The strength of India in the leather footwear sector originates from its large reserves
of bovine population, strong network of tanneries, skilled and low cost manpower, and
a well-established presence in export markets. However, India has been unable to
optimally utilize its resources evident from the low recovery rate of the livestock, use
of outdated technology by most tanneries and footwear manufacturers, weak footwear
components industry and limited presence of large scale manufacturing units. These
factors along with steep transaction cost of doing business in India and high
inflationary trends since the past few years have reduced India’s cost competitive
advantage against the other low cost footwear producing countries like China,
Vietnam, Myanmar, Indonesia etc.
Nevertheless, the footwear industry has witnessed healthy growth in export earnings
in the recent past and remains amongst the top ten foreign exchange earners for the
country.

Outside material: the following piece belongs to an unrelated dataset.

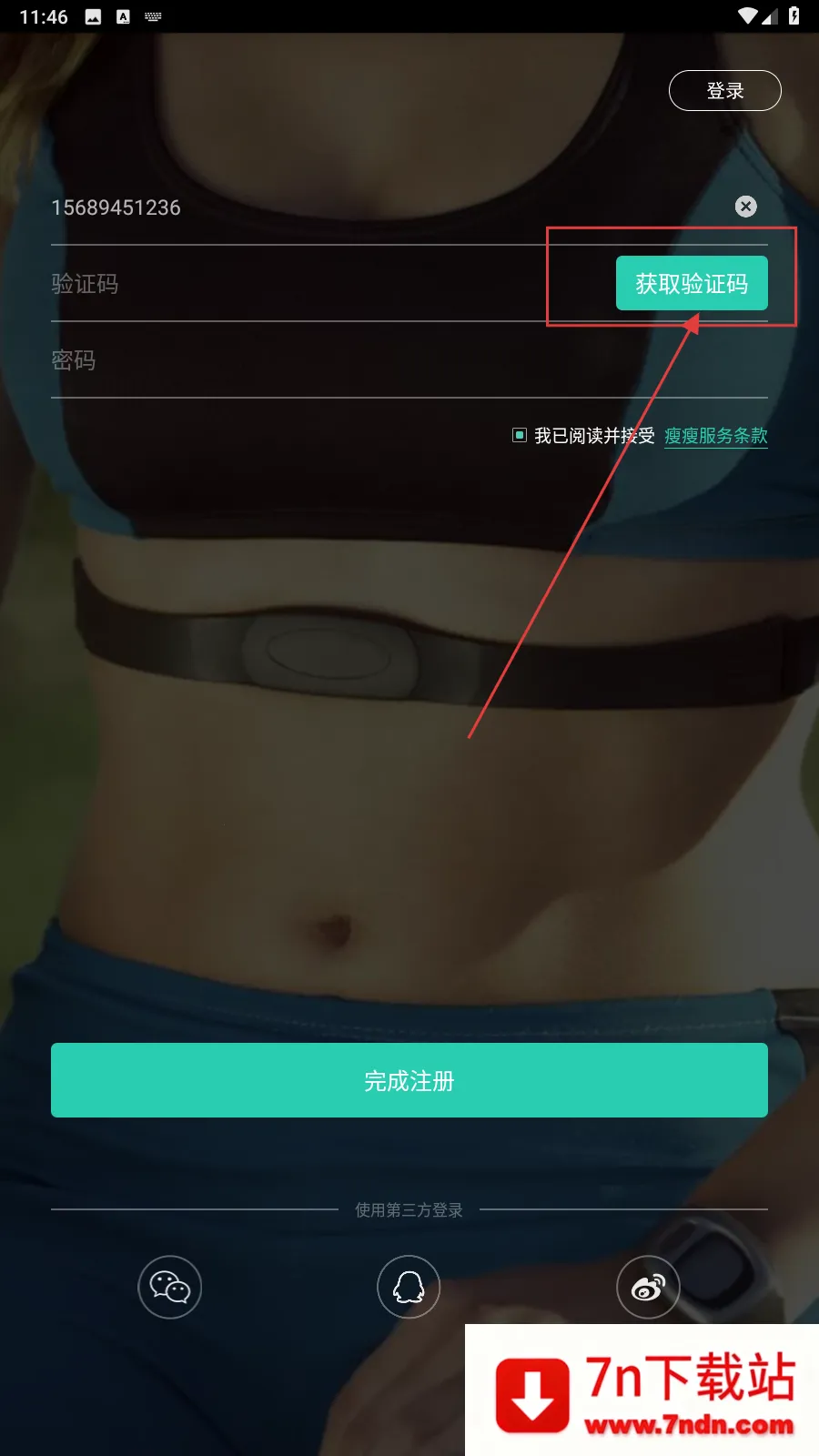 2、填写好后,点击【获取验证码】。

In addition to this, the industry has been providing large employment
opportunities, especially for the weaker sections of the Indian society. Direct and
indirect employment in Indian footwear industry is estimated at around 1.1 million
people. Acknowledging the importance of footwear industry, the Indian government
has taken various measures and initiatives in order to support its growth, which has
led to structural changes in the footwear industry. However, for the footwear sector to
grow rapidly going forward and compete aggressively with the other low cost
producing nations, strong push is required in various aspects including favorable
policies which would help in rationalizing tax structure, providing infrastructural
support in capacity building, reducing transaction costs and increasing the availability
of skilled labour in the country.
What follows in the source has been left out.